WHAT YOU ARE ASKED TO DO
Every line of the listing is returned unchanged, and every picture is dropped.

PROVIDED MATERIAL
****************

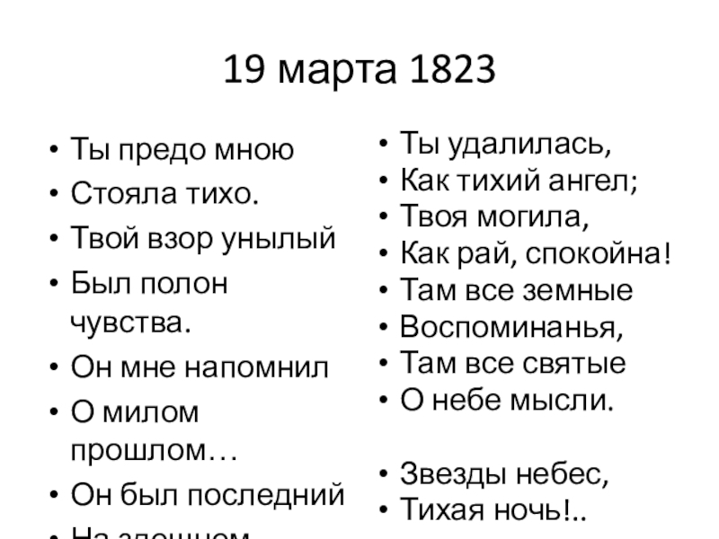 На смерть Марии он написал стихотворение («Ты предо мною стояла тихо…»), позднее названное «19 марта 1823».
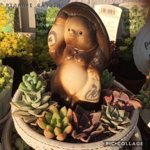 こんばんは😊 旦那が、無理やり押し付けてきました…… 可愛いの見つけたからさぁ、 多肉とコラボしなよぉーって…😑 ム、ムズい……(;´-`)ウーン 力わざで…… (๑・㉨・๑)ポンポンたぬきだポン!! なんの意味もないです……(๑ ́ᄇ`๑)
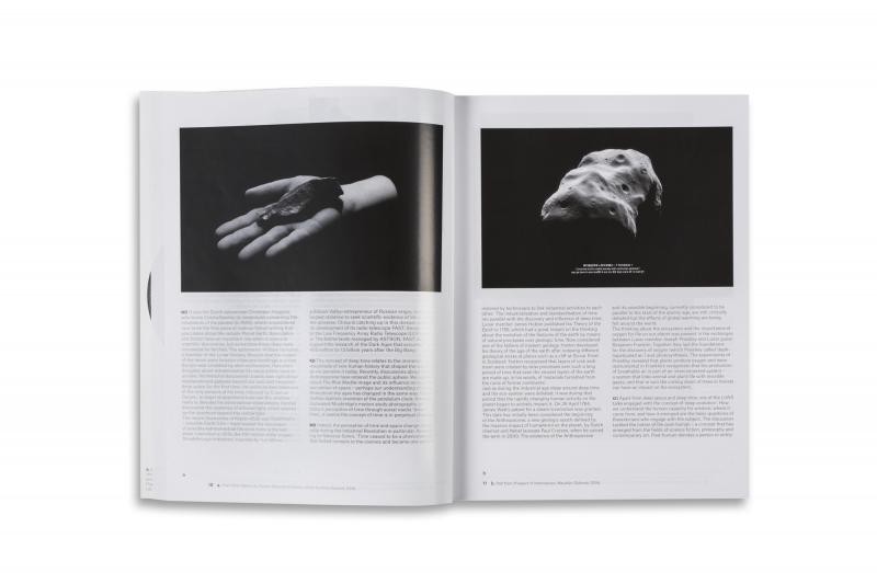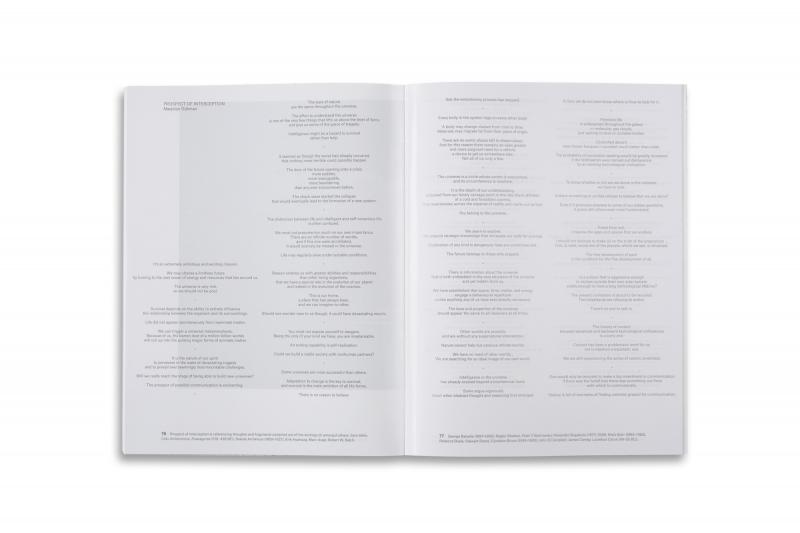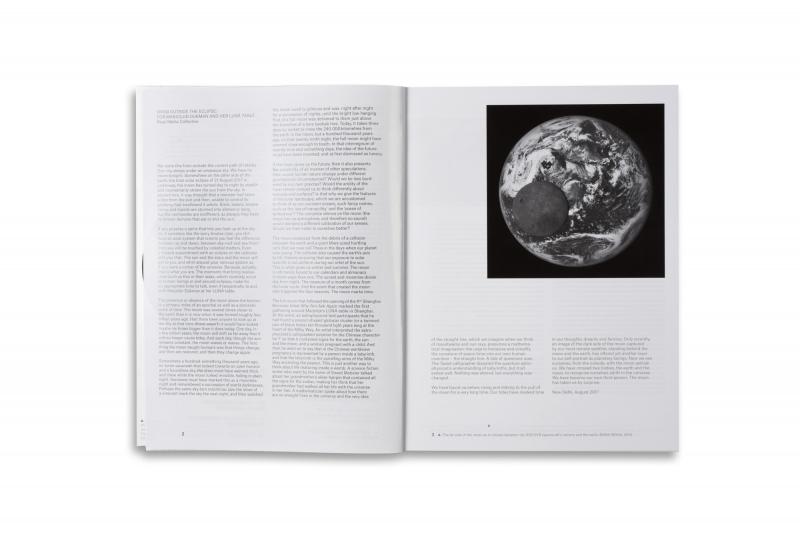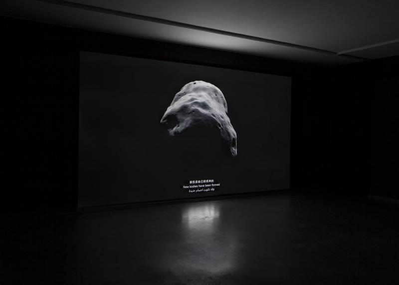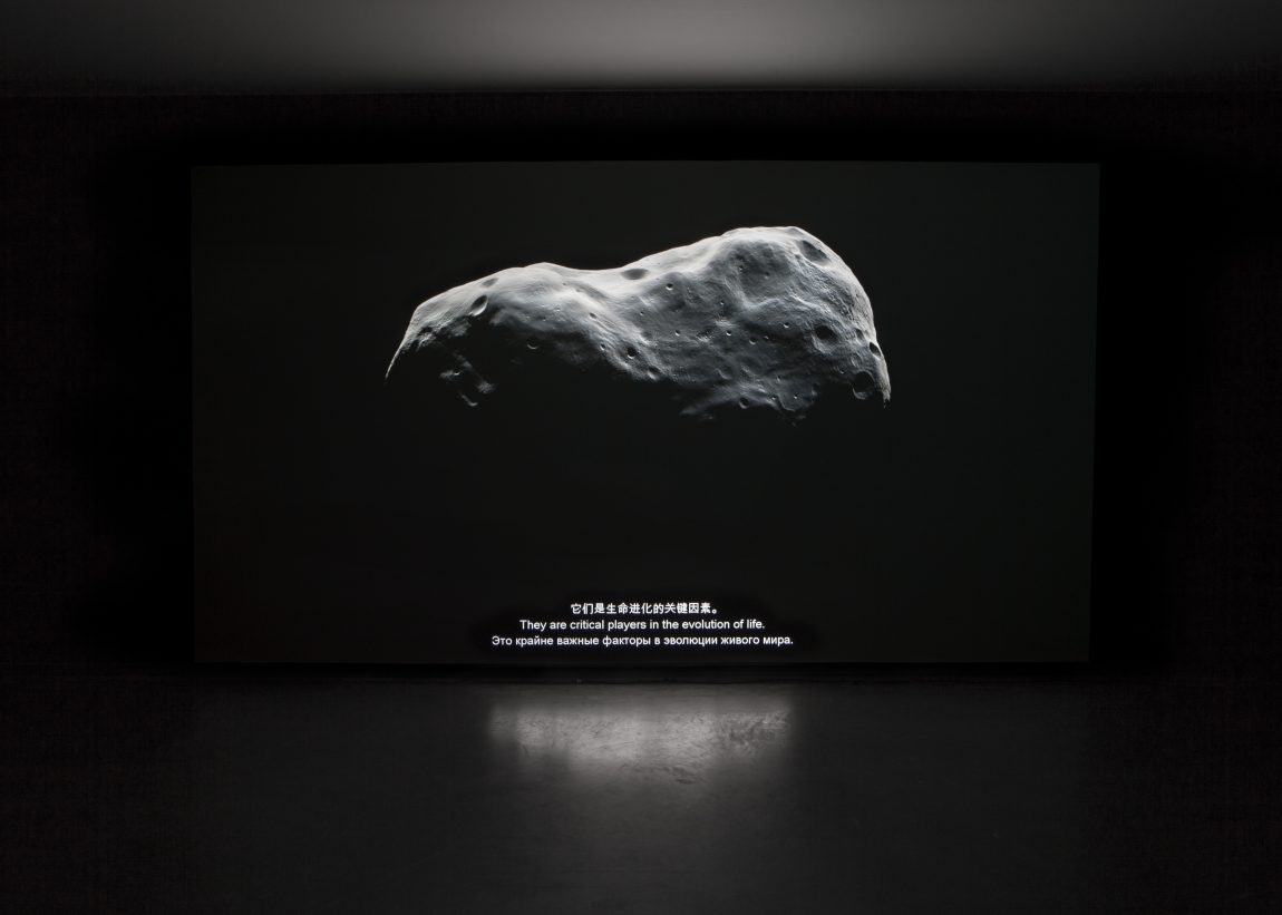 The accompanying multilingual narrative is a collection of quotations from various found sources, including science (astrophysics, cosmology, cognition) to spiritual approaches and historical resources, expressing curiosity and desire of space exploration, going back as far as 1500BC until today. The text is translated into Chinese and English accompanied with five other changing languages (Hindi, Arabic, Russian, Japanese and Spanish), all largely spoken official world languages and relating to countries involved in important space programs, astronomical projects, search for extraterrestrial intelligence and future asteroid mining. These texts often speak in ’the name of humanity’ in a quite conflicted way. The multiple languages enhance the suggestion of a universal voice and in the same time add another layer of complexity in the interpretation.

****************

OUTPUT OF THE EXERCISE
 На смерть Марии он написал стихотворение («Ты предо мною стояла тихо…»), позднее названное «19 марта 1823».
 こんばんは😊 旦那が、無理やり押し付けてきました…… 可愛いの見つけたからさぁ、 多肉とコラボしなよぉーって…😑 ム、ムズい……(;´-`)ウーン 力わざで…… (๑・㉨・๑)ポンポンたぬきだポン!! なんの意味もないです……(๑ ́ᄇ`๑)
 The accompanying multilingual narrative is a collection of quotations from various found sources, including science (astrophysics, cosmology, cognition) to spiritual approaches and historical resources, expressing curiosity and desire of space exploration, going back as far as 1500BC until today. The text is translated into Chinese and English accompanied with five other changing languages (Hindi, Arabic, Russian, Japanese and Spanish), all largely spoken official world languages and relating to countries involved in important space programs, astronomical projects, search for extraterrestrial intelligence and future asteroid mining. These texts often speak in ’the name of humanity’ in a quite conflicted way. The multiple languages enhance the suggestion of a universal voice and in the same time add another layer of complexity in the interpretation.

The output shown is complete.